Suppose $X$ is an integrable, positive random variable and define the filtration $(\mathcal{F}_t)_{t\ge 0}$ with $\mathcal{F}_t=\sigma(\{X\le s\} :s\le t)$. I want to calculate $\mathbb{E}[X|\mathcal{F}_t]$, but I seem to get two very different results depending on how I calculate it. On one hand, I would write $X=\mathbf{1}_{\{X>t\}}X+\mathbf{1}_{\{X \le t\}}X$ and say that both of these terms are $\mathcal{F}_t$-measurable. But then $X$ itself is $\mathcal{F}_t$-measurable, which I think is really strange since that would mean $\sigma(X) \subseteq \mathcal{F}_t $ for every $t \ge 0$ which can't be true.
On the other hand, I have shown that for example $$\mathbf{1}_{\{X >t\}}\mathbb{E}[X|\mathcal{F}_t] =\mathbb{E}[\mathbf{1}_{\{X >t\}}X|\mathcal{F}_t] = \mathbf{1}_{\{X>t\}}\frac{\mathbb{E}[\mathbf{1}_{\{X>t\}}X]}{\mathbb{E}[\mathbf{1}_{\{X>t\}}]}$$ And similariy on the complement. I showed this by showing that the right hand side integrates like $\mathbf{1}_{\{X>t\}}X$ on every set from $\{\{X\le s\}:s\le t\}\cup \{\Omega\}$ which is stable under intersections and contains the underlying set $\Omega$, so this should suffice. But both results seem weird to me since in "Introduction to the theory of point processses" by Dayley and Vere-Jones, they claim that $$\mathbb{E}[X|\mathcal{F}_t]=\mathbf{1}_{\{X\le t\}}X + \mathbf{1}_{\{X>t\}}\frac{\mathbb{E}[\mathbf{1}_{\{X>t\}}X]}{\mathbb{E}[\mathbf{1}_{\{X>t\}}]}$$ Clearly something has gone wrong somewhere, but I cannot see where - which, if any, of the above results are correct?

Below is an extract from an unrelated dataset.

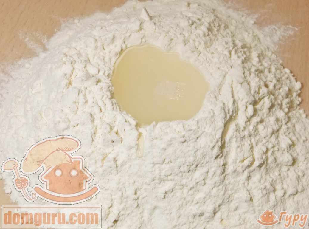 Для приготовления теста муку на столе соберите горкой, сверху сделайте лунку и влейте в неё подсоленную воду.
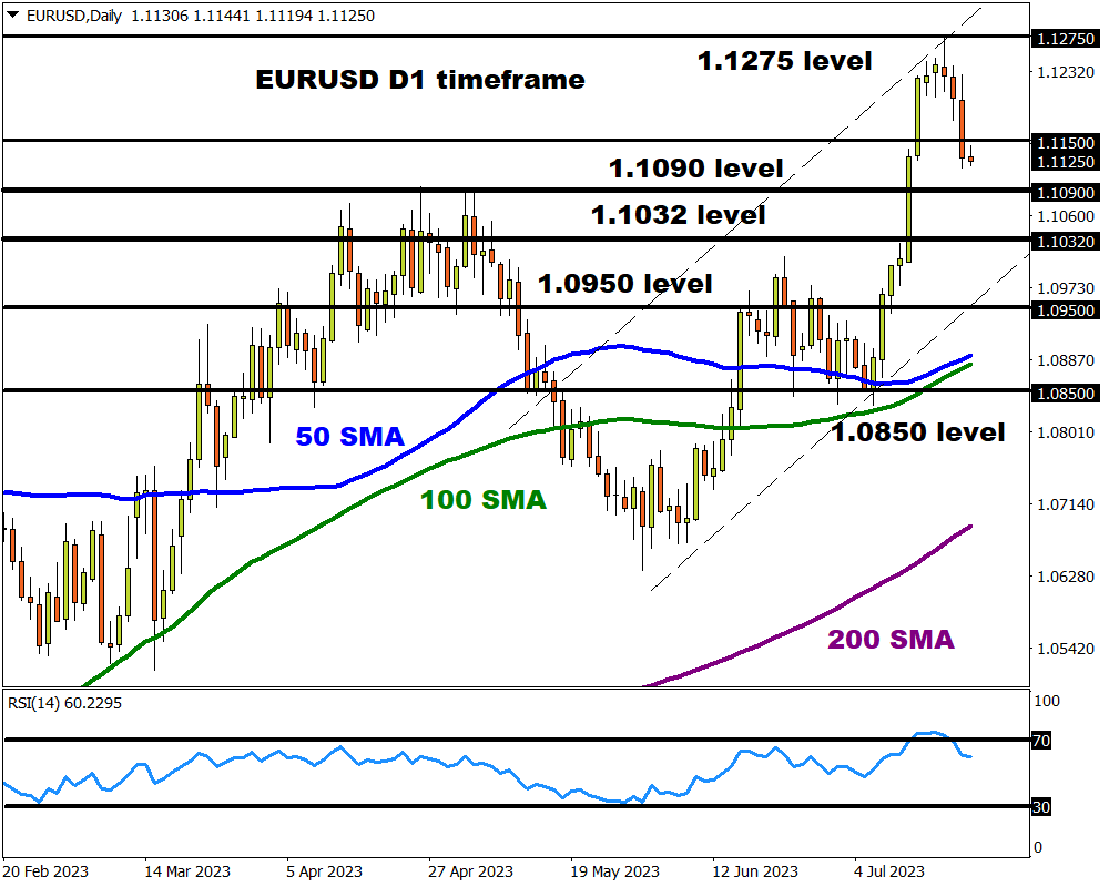 - A cautious-sounding ECB that signals a pause in hikes down the line could weaken the euro, pulling the EURUSD lower.

The solution $$\mathbb{E}[X|\mathcal{F}_t]=\mathbf{1}_{\{X\le t\}}X + \mathbf{1}_{\{X>t\}}\frac{\mathbb{E}[\mathbf{1}_{\{X>t\}}X]}{\mathbb{E}[\mathbf{1}_{\{X>t\}}]}$$ is correct.
This means: $$\mathbb{E}[X|\mathcal{F}_t]= \begin{cases} X &\text{ if } X\leq t\\ \mathbb E[X|X>t] &\text{ if } X>t \end{cases}$$
Here is how I view the conditional expectation. Let $t$ be fixed, $\mathcal F_t$ is a sigma algebra on the base sample space $\Omega$. For each $\omega\in\Omega$ we can write $X(\omega)$ and this will give us a real number, and either $X(\omega)\leq t$ or $X(\omega)> t$. $\mathbb E[X|\mathcal F_t]$ is a random variable still and so given any $\omega\in\Omega$, we can evaluate $\mathbb E[X|\mathcal F_t](\omega)$.
The sigma algebra $\mathcal F_t$ is a collection of subsets of $\Omega$ though. Consider $A\in\mathcal F_t$, then we can ask what $\omega\in A$. If we perform our random experiment and get outcome $\omega$, and if $X(\omega)\leq t$, then $\mathbb E[X|\mathcal F_t](\omega)=X(\omega)$. If we perform our random experiment and get outcome $\omega$ such that $X(\omega)> t$, then $\mathbb E[X|\mathcal F_t](\omega)=\mathbb E[X|X>t]$ which is $X$ averaged over all $\omega$ which give $X$-values above $t$.
Here is another thing, suppose we perform the random experiment and get two different outcomes $\omega_1$ and $\omega_2$ that happen to both give $X$-values above $t$ but with $X(\omega_1)\neq X(\omega_2)$. Then we actually have that $\mathbb E[X|\mathcal F_t](\omega_1)=\mathbb E[X|\mathcal F_t](\omega_2)$. Intuitively, I think of it this way: $\mathbb E[X|\mathcal F_t]$ as a random variable cannot "resolve" any $\omega$ that result in $X$-values above $t$; it sees "$\omega_1=\omega_2$" in a sense because $\omega_1\not=\omega_2$ in reality but it simply can't tell them apart. Like if each $\omega$ has a different color assigned to it, and the each specific color causes $X$ to take some value. Then $\mathbb E[X|\mathcal F_t]$ can tell all colors apart perfectly as long as those colors cause $X\leq t$, but any color that causes $X>t$, it just sees them all as some smeared out average hue.